Pendidikan profetik adalah pendidikan yang merepresentasikan nilai-nilai kenabian. Nabi adalah wakil Allah dan manifestasi Al qur’an. Oleh sebab itu, rujukan kita adalah firman Allah yang diabadikan dalam Al qur’an dan sunah nabi. Profetik etimologinya dari bahasa Inggris, yakni prophet berarti nabi. Wacana profetik diutarakan oleh Kuntowijoyo, seorang sejarawan, yang membahasakan teks-teks langit menjadi diksi (pilihan kata) yang mudah difahami manusia. Kuntowijoyo menyuguhkan tiga terminologi dalam profetik, yaitu humanisasi, liberasi, dan transendensi. Ia terinspirasi kalam Illahi, Q.S. Ali Imran: 110. “Kalian adalah umat terbaik yang dilahirkan untuk manusia, mengajak pada yang ma’ruf, mencegah kemungkaran, dan beriman pada Allah.” 
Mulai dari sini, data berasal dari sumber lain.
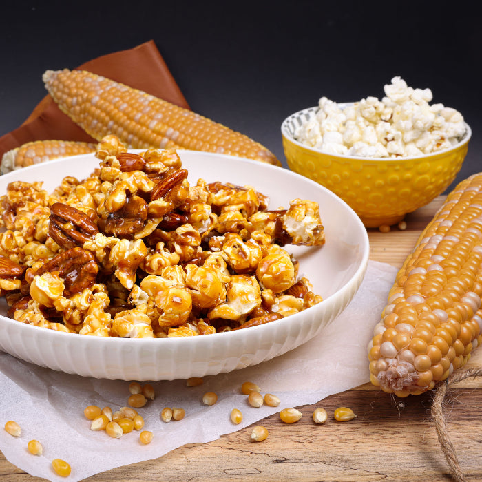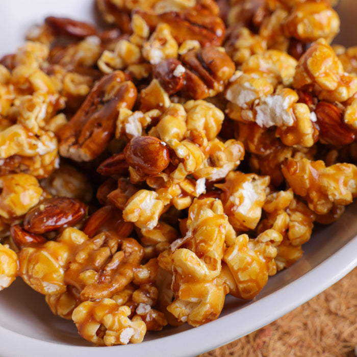 The best thing about peanut brittle is the brittle – that buttery sweet candy coating that is practically wasted on peanuts. Plus, eating whole mouthfuls of brittle can be a bit overwhelming. This is why we take this savoury brittle-coating and drizzle it over kettle popcorn, almonds, and mammoth pecans, allowing everyone to enjoy that buttery sweet goodness in a salty snack that puts regular, mass-produced caramel popcorn to shame.
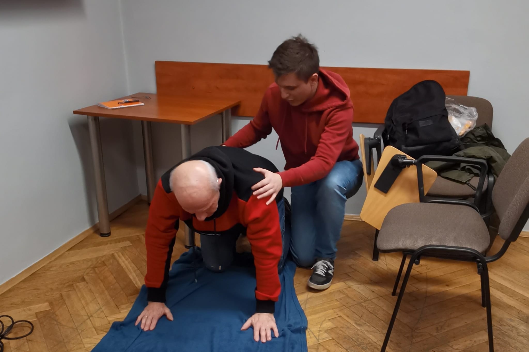 Następnym tematem ćwiczeń były zaburzenia stabilności postawy. Pan Krzysztof pokazał między innymi jak bezpiecznie podnosić cięższe przedmioty i technikę samodzielnego, bezpiecznego wstawania po upadku.
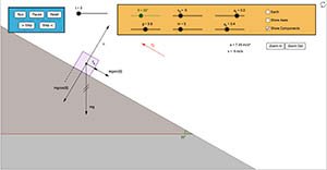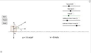 This is a simulation of a box being pulled along a horizontal surface by a rope. Students can use the simulation to explore the effects of static and kinetic friction and their relationship to the normal force of the surface.
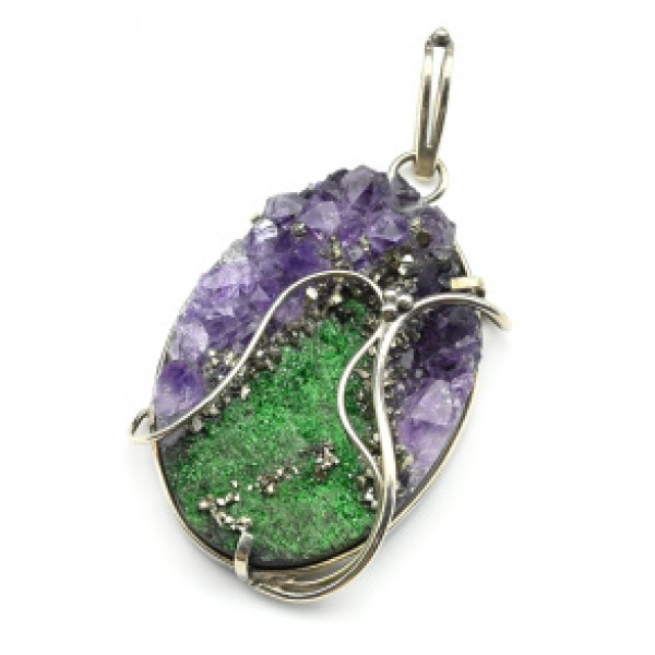 Кулон из аметиста, уваровита и пирита 30*45мм.

Budayawan tersebut menyimpulkan tiga hal, setelah manusia terlibat pada realitas masyarakat, pertama manusia haruslah menyuruh kebajikan pada sesama, humanisasi. Kedua, membebaskan (liberasi) atau menolak kemungkaran dan bentuk kejahiliahan. Ketiga, tu’minunabillah, beriman pada Allah (transendensi). Lantas siapa manusia yang dimaksud memiliki kans besar untuk melakukannya? Para mahasiswa. Apa alasannya? Dasarnya jelas. Mahasiswa ditempatkan segaris sepemaknaan dengan Nabi. Mahasiswa mendapatkan ruang pencerahan. 
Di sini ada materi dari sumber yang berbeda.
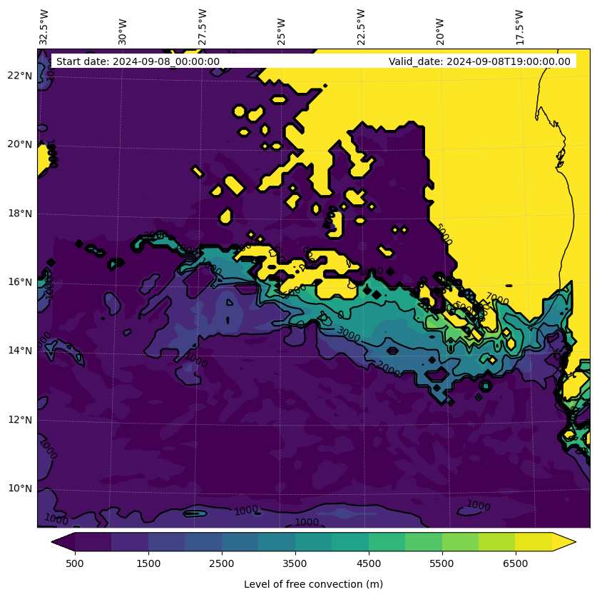 - Level of free convection (m)
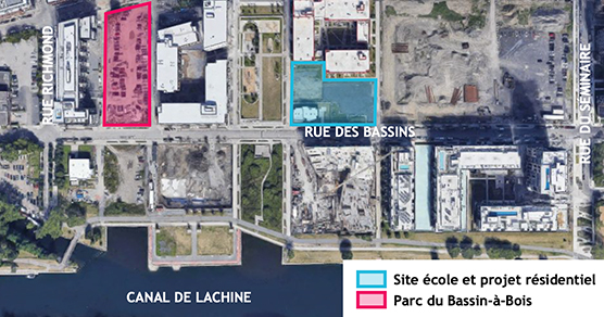 Ce projet mixte, développé par Bâtir son quartier, prévoit une école publique de niveaux préscolaire et primaire pour 2023. L’école comprendrait une cour donnant sur le parc du Bassin-à-Gravier, une aire de jeux sur le toit du gymnase et un débarcadère.
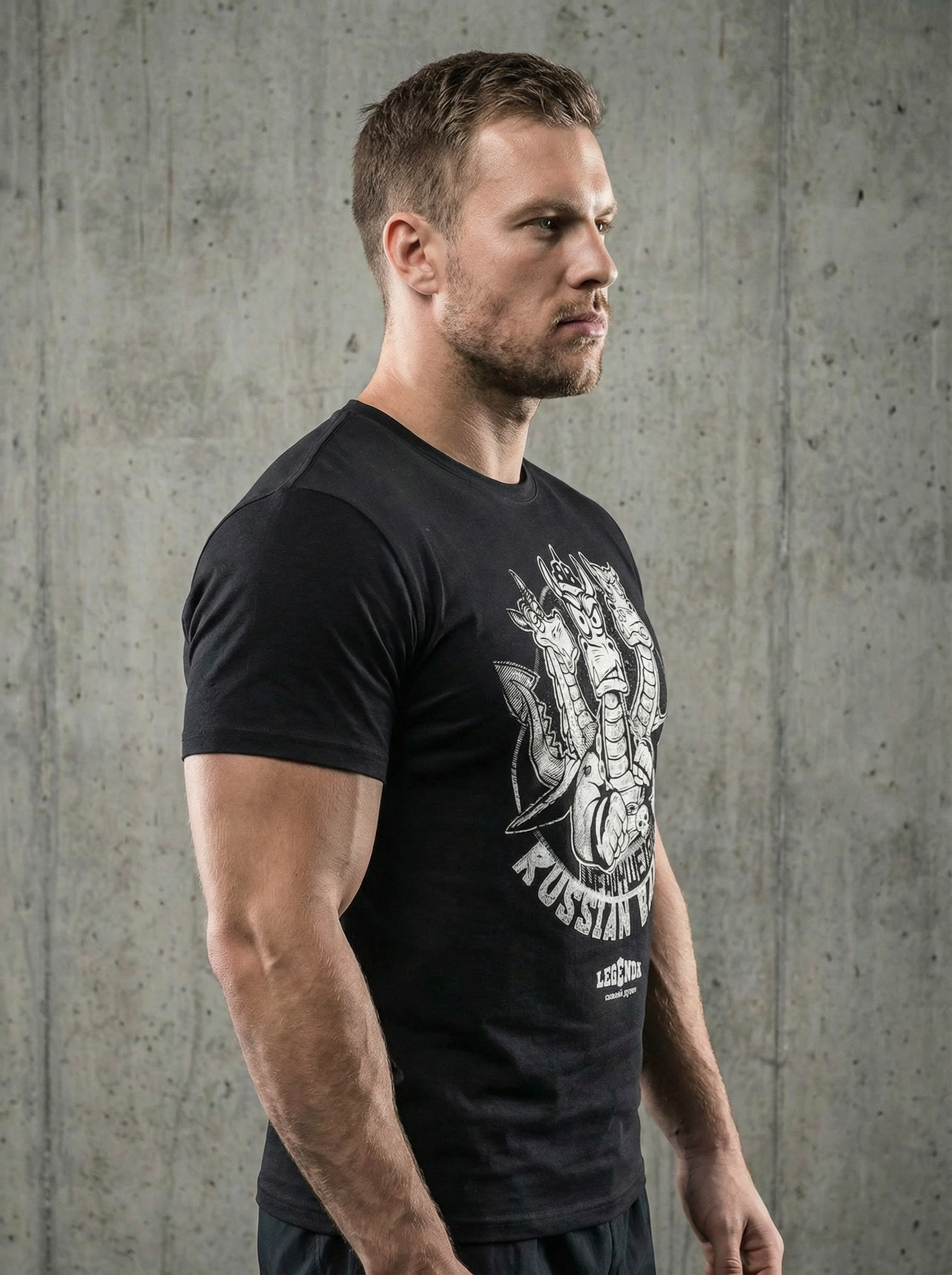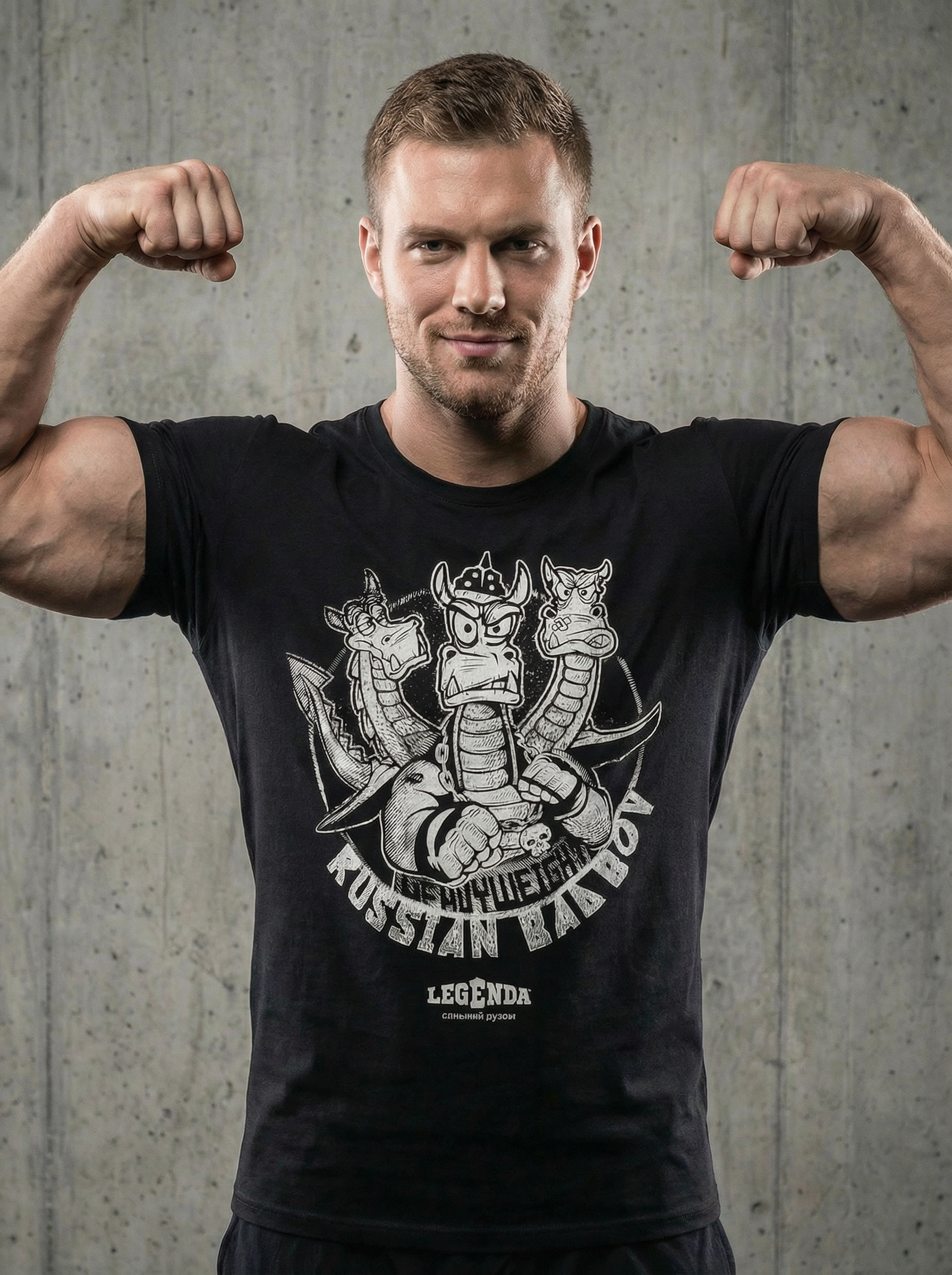 Футболка LEGENDA “Russian Bad Boy” — дерзкий образ, вдохновлённый русским фольклором и духом непокорности.

Jika Nabi tercerahkan oleh wahyu, mahasiswa tercerahkan oleh ruang kampus. Karena tidak semua orang dapat mengaksesnya. Keterlibatan awal ini harus diikuti dengan humanisasi -memanusiakan manusia- tak sekadar rekan kampus semata, namun juga melakukan rekonstruksi sosial kemasyarakatan. Liberasi atau pembebasan dari isme atau ajaran yang menjauhkan agama dari kehidupan (sekuler). Keduanya harus dibingkai dengan nilai transendensi yang kuat. Nilai itu adalah iman. Maka, jika kalian para mahasiswa baru hanya fokus studi, dolan sana, dolan sini tanpa peduli dengan realitas sosial, kalian menyalahi fitrah (ketentuan) kalian sebagai mahasiswa profetik.
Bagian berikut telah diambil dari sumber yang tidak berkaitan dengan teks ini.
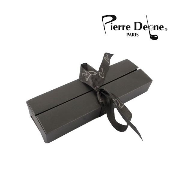 Estuche de cartón de elegante diseño. Marca Pierre Delone. Lazo fabricado en satén.
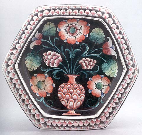 Art. C7 Piatto Esagonale con Fiori. Nero e Rosa. Dim. cm. 50x43 |
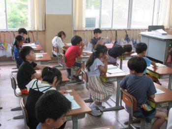 じっくりと文章を考えて、楽しみながら場面の絵をかいているようでした。
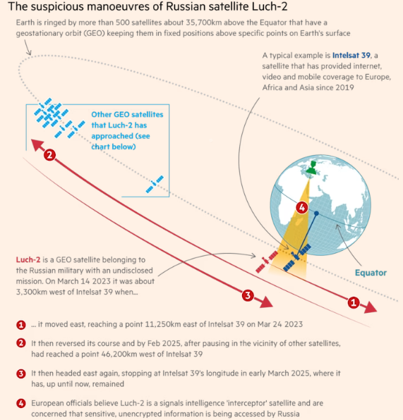 西方的军事和民用航天机构多年来一直在追踪“卢奇-1号”和“卢奇-2号”这两颗俄罗斯太空器,这两者在轨道上多次执行可疑机动,曾多次危险地靠近欧洲最关键的静止轨道卫星。这些卫星高悬地球上空,服务于欧洲,包括英国,以及非洲和中东的大部分地区。

 Di era kini kita dapat memilah tipe-tipe mahasiswa. Tipe pertama, aktivis organisatoris. Model ini peka terhadap isu sosial dan berikhtiar merubah sesuai tuntunan ideologinya. Kedua, mahasiswa study oriented kuliah, sikapnya cuek dan tidak terlibat dengan realitas, karena lebih memilih sibuk mengurus dirinya (egois). Ketiga, mahasiswa tanpa arah (disorientasi). Tidak memiliki pilihan jelas di kampus (oportunis). Krisis identitas, karena terhambatnya proses pencarian jati diri. Dan bisa dibilang potensial untuk direkrut sebagai “calon pengantin” oleh Noordin paling top. Pendidikan profetik adalah metode paling pas untuk memoles mahasiswa baru dengan segala aktivitasnya. Sebab, sandaran ideologi yang kuat, akan menjadi kompas penentu arah apa yang harus difikir dan apa yang harus ditindak olehnya.